The birth of the KPA can be established probably in 1936 when the Korean Fatherland Restoration Association (KFRA) was established to create a united front organization of anti-Japanese Koreans operating in Manchuria. On June 4, 1937, Kim Il Sung led a small group of partisans subordinate to the KFRA on a raid against a small border village in Korea and defeated a small Japanese police detachment. This muchcelebrated victory subsequently became the source of the Kaspan faction’s name and the beginning of Kim Il Sung’s legendary military career.
In 1939, the Korean Volunteer Army (KVA) was formed in Yanan, China, to support Mao Zedong and fought with the Chinese Communist forces in World War II and the Chinese Revolution. In April 1946, the KVA was absorbed by various area commands which ultimately evolved into the newly forming Korean Peace Preservation Corps moving into northern Korea. Eventually, even this Corps was diluted by further officer transfers and reorganizations and eventually passed out of existence. However, the legacy and history of the KVA continued to be used probably for security and morale reasons.
In 1942, Kim Il Sung commanded a company of the Soviet Far East Command’s Reconnaissance Bureau’s 88th Special Independent Sniper Brigade and received a significant amount of training and experience in his future development of special purpose forces for the KPA.

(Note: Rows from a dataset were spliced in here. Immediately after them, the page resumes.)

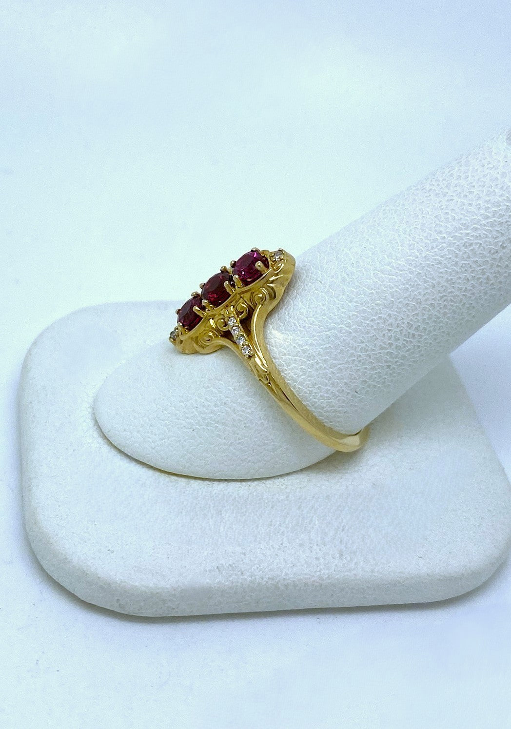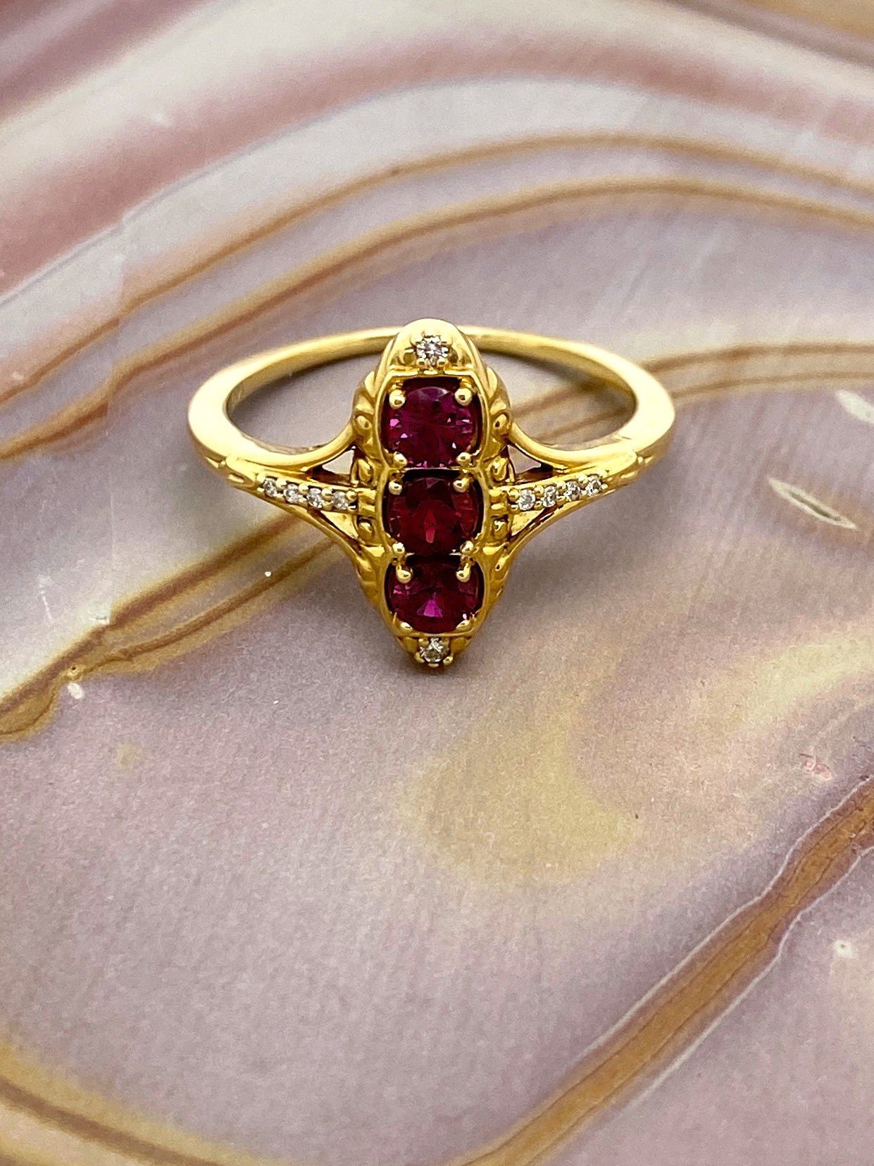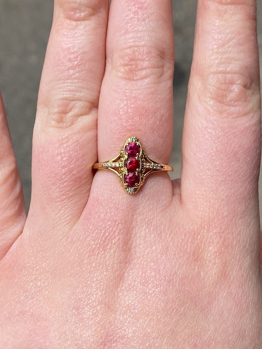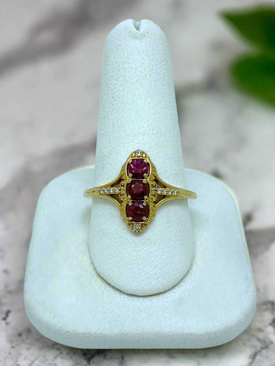 This 14 karat yellow-gold stunner is set with three GLOWING natural Rubies totaling 0.5 carat, highlighted by glittering ribbons of natural Diamonds totaling 0.04 carats.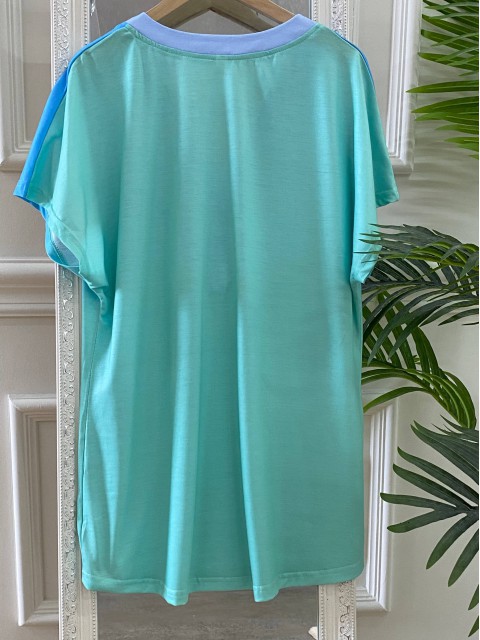 Peacock Blue Curved Hem Long Sleeve T Shirt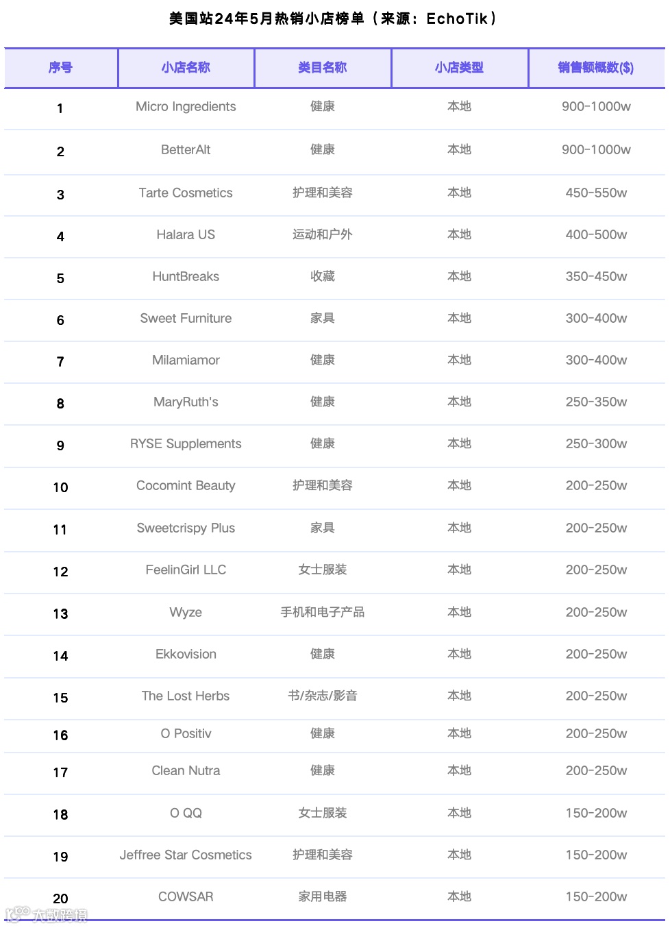 对比上个月,本月9家小店均为新上榜的小店,体现了美区高速发展和变化的市场行情。11家小店为连续双月上榜小店,分别为:Micro Ingredients(健康,第1名),Tarte Cosmetics(护理和美容,第3名),Halara US(运动和户外,第4名),Sweet Furniture(家具,第6名),Milamiamor(健康,第7名),FeelinGirl LLC(女士服装,第12名),Wyze(手机和电子产品,第13名),Ekkovision(健康,第14名),O Positiv(健康,第16名),Clean Nutra(健康,第17名),O QQ(女士服装,第18名)。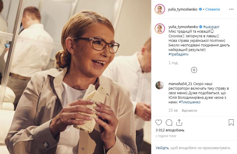 Так, она сфотографировалась с "шаурдогом" и запостила фото в своем Instagram. "Шаурдог. Микс традиций и новаций. Сосиску завернула в лаваш). Новое блюдо украинской политики) Иногда неожиданные сочетания дают лучший результат)", - написала Тимошенко.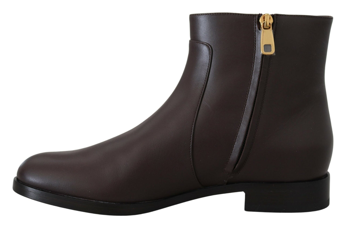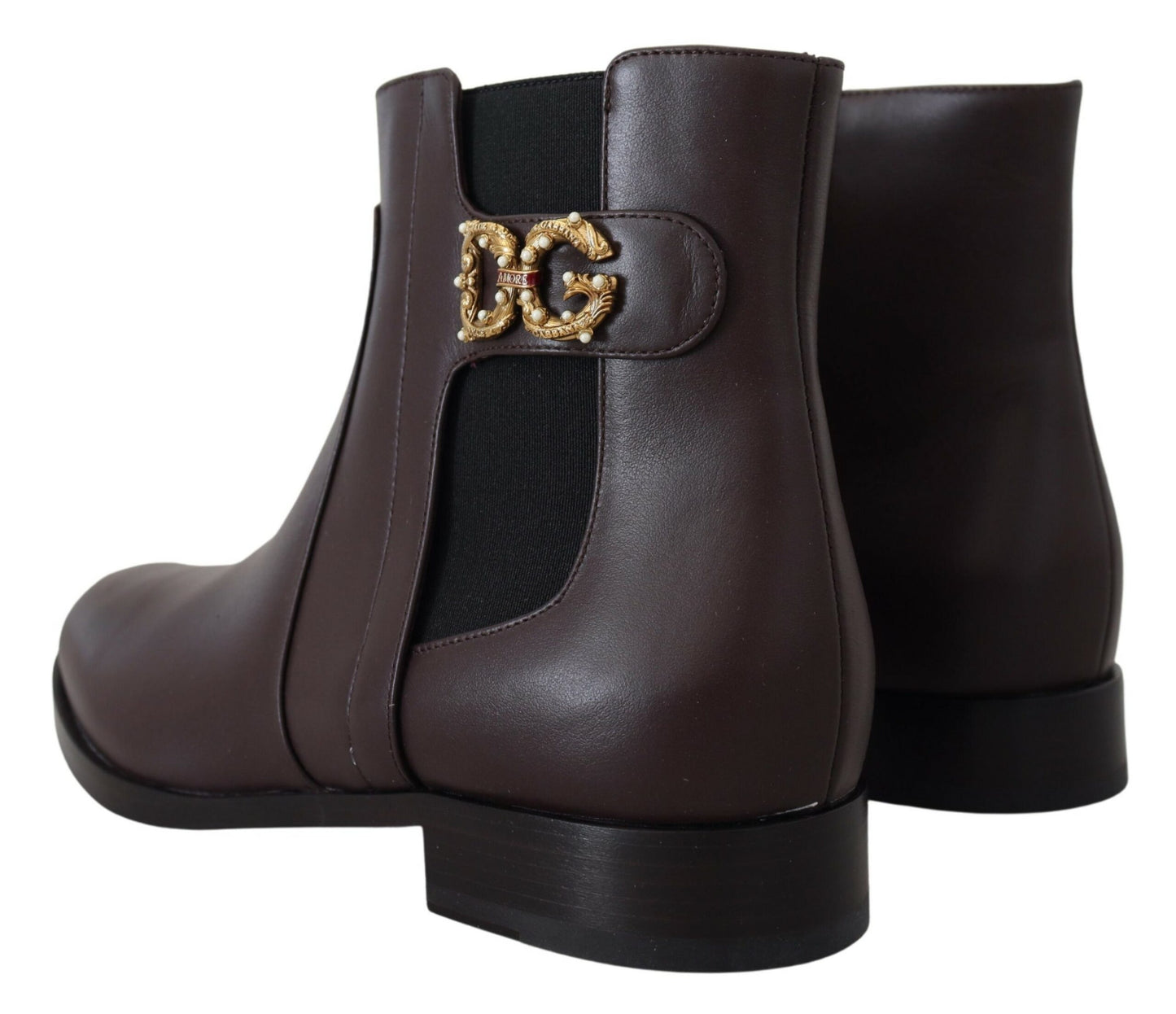 Elegant Brown Ankle Boots with Gold Pearl Detail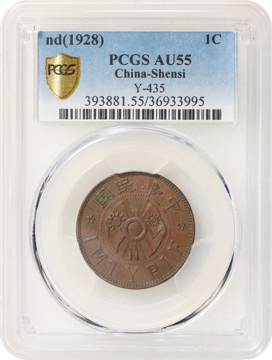 陝西嘉禾雙旗一分,PCGS AU55,編號36933995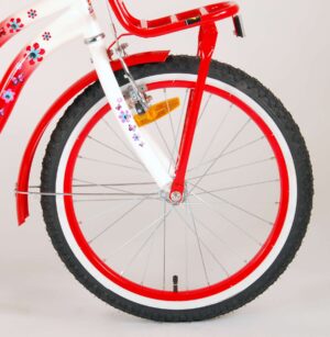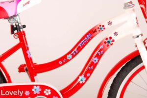 Volare Lovely 20 inch kinderfiets. De Volare Lovely 20 inch kinderfiets is dé fiets waar ieder meisje van droomt. De vlinders en bloemen op het frame en het zadel maken het design van de rode fiets helemaal af. Om vaart te kunnen minderen heeft de fiets zowel een handrem als een terugtraprem. De fiets heeft een wat stoerdere pistoltype kettingkast. Met de fietsbel kun je laten weten dat je de hoek om komt. Op de handige voordrager kunnen alle belangrijke spulletjes mee worden genomen. De 20 inch luchtbanden maken de fiets geschikt voor kinderen tussen de 6 en 8 jaar oud met kledingmaat 116-122.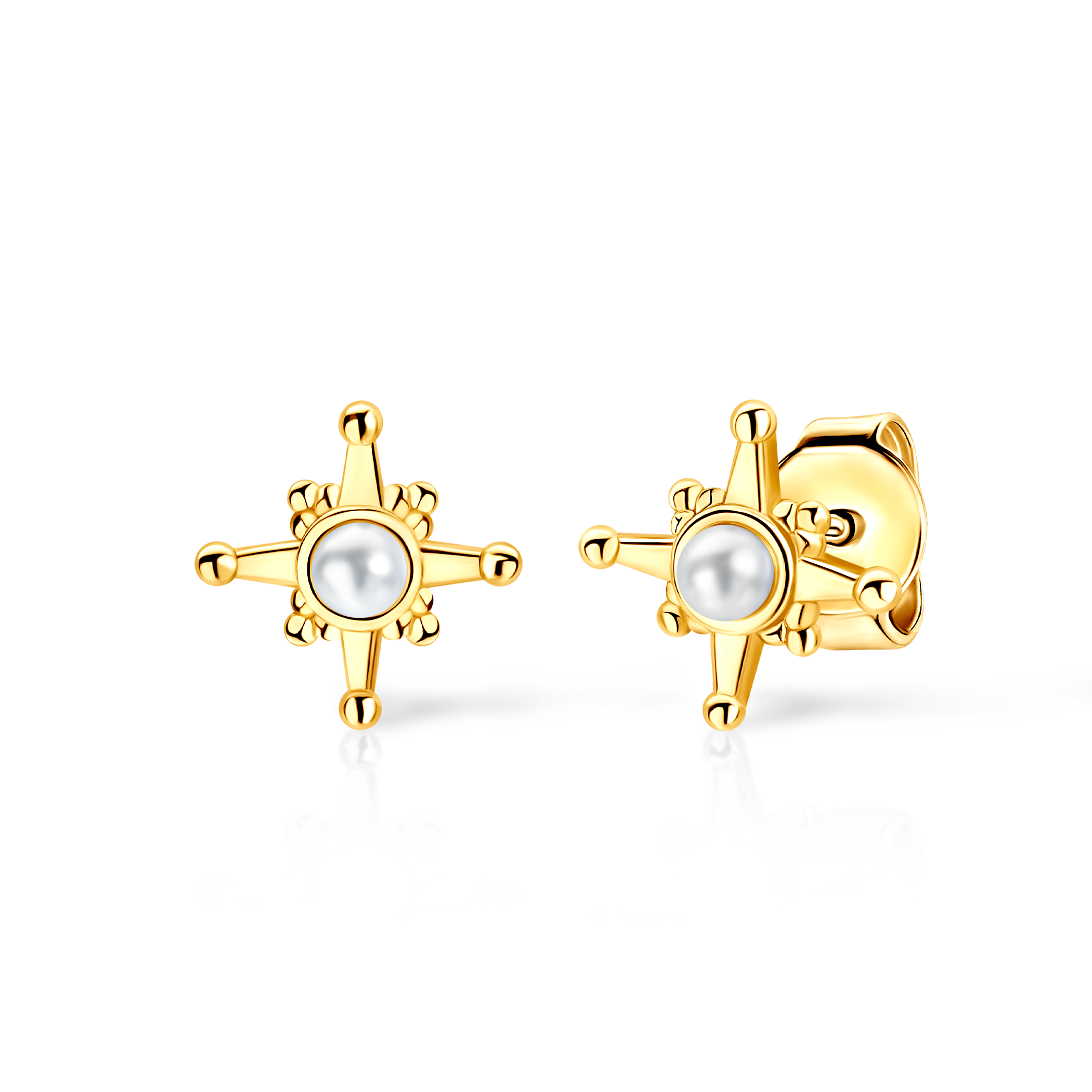Kolczyki gwiazdy Savicki wykonane ze srebra, pozłacane żółtym złotem. W kolczykach zostały osadzone 2 perły.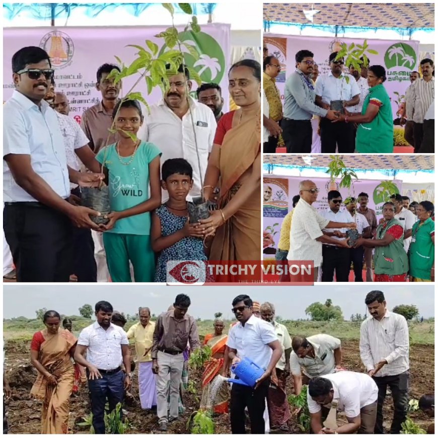 உலக சுற்றுச்சூழல் தினத்தை முன்னிட்டு திருச்சி மாவட்டம் சமயபுரம் அருகே உள்ள சனமங்கலத்தில் 50 லட்சம் மரக்கன்றுகள் வழங்கும் நிகழ்ச்சி இன்று நடைபெற்றது. இந்த நிகழ்ச்சியில் திருச்சி மாவட்ட ஆட்சித் தலைவர் பிரதீப் குமார் கலந்து கொண்டு தூய்மை பணியாளர்கள் மற்றும் பொதுமக்கள் குழந்தைகளுக்கு மரக்கன்றுகளை வழங்கி உரையாடினார்.
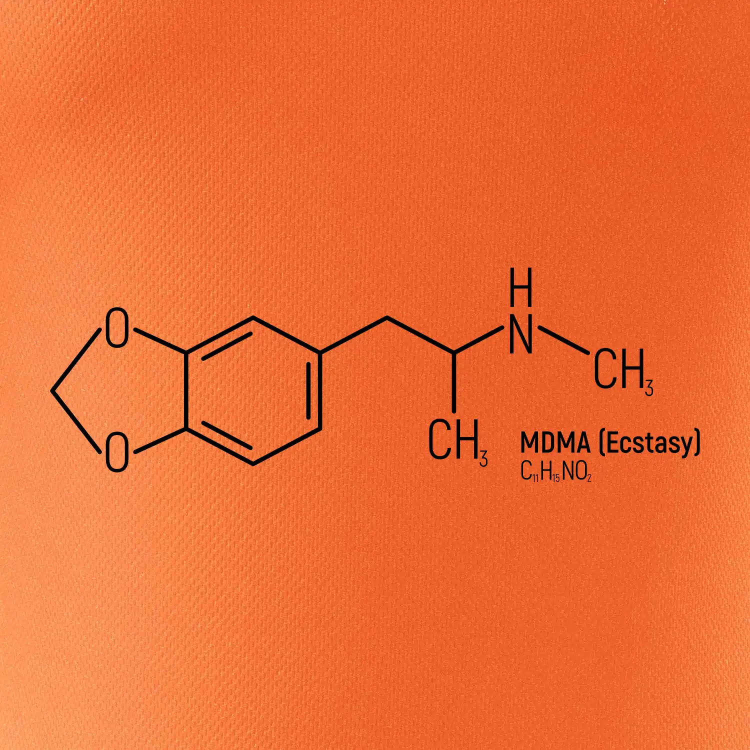 MDMA – vzorec, co říká mozku: "Dneska je všechno super!" Úzkosti pryč, deprese na dovolené, láska ke všem včetně barmana i dlaždiček na záchodě.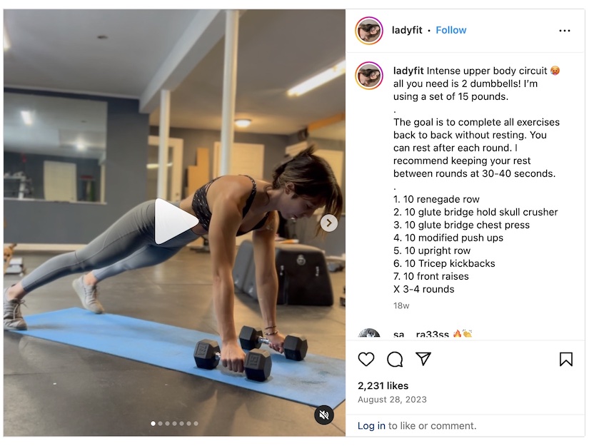 This is an "intense upper body" workout with 2 dumbbells from Instagram. [ID: workout41]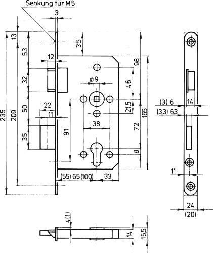 Einsteckschloss 1007 P für Stahl- und FH-Türen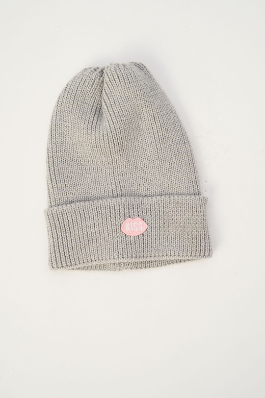 Czapka jest w kolorze szarym i ozdobiona jest naszytą małą różową naszywką KISS w kształcie ust.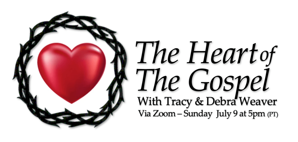 Join Tracy and Debra Sunday evening, July 9 at 5pm (pacific time) for a lively dialogue centered around the Heart of the Gospel. You will be refreshed in your spiritual walk with Jesus and gain more confidence to the gospel with others. We look forward to seeing you! -TD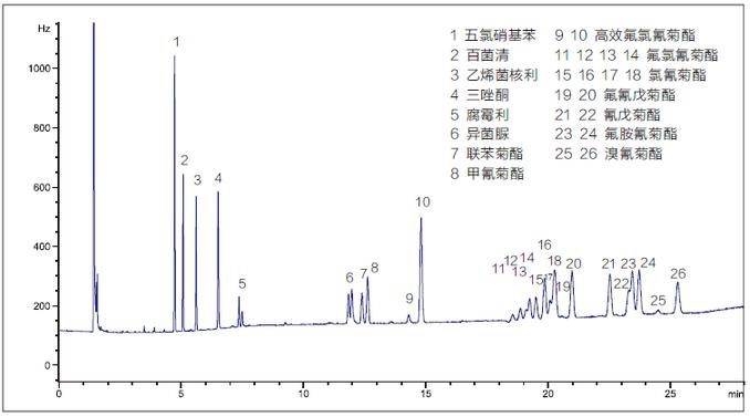 圖1 添加水平為0.2mg/kg大米中有機(jī)氯和擬除蟲菊酯類農(nóng)藥多殘留檢測(cè)色譜圖

The KPA was established formally by Kim Il Sung on February 8, 1948, the day after the Fourth Session of the (NK) People’s Assembly agreed to separate the roles of the military and those of the police. The origin of the KPA certainly is rooted in the anti-Japanese guerrilla armies in general that operated under Soviet and Chinese military control. For 30 years, the KPA commemorated its birth on February 8. Then in 1978, North Korea changed the commemoration date to April 25 to correspond with the date in 1932 that Kim Il Sung allegedly organized his Anti-Japanese Guerrilla Army. By this act, Kim Il Sung was extolling the Korean-ness of the KPA, while dismissing the combined influences of the Soviets and the Chinese Communists upon the establishment of the KPA.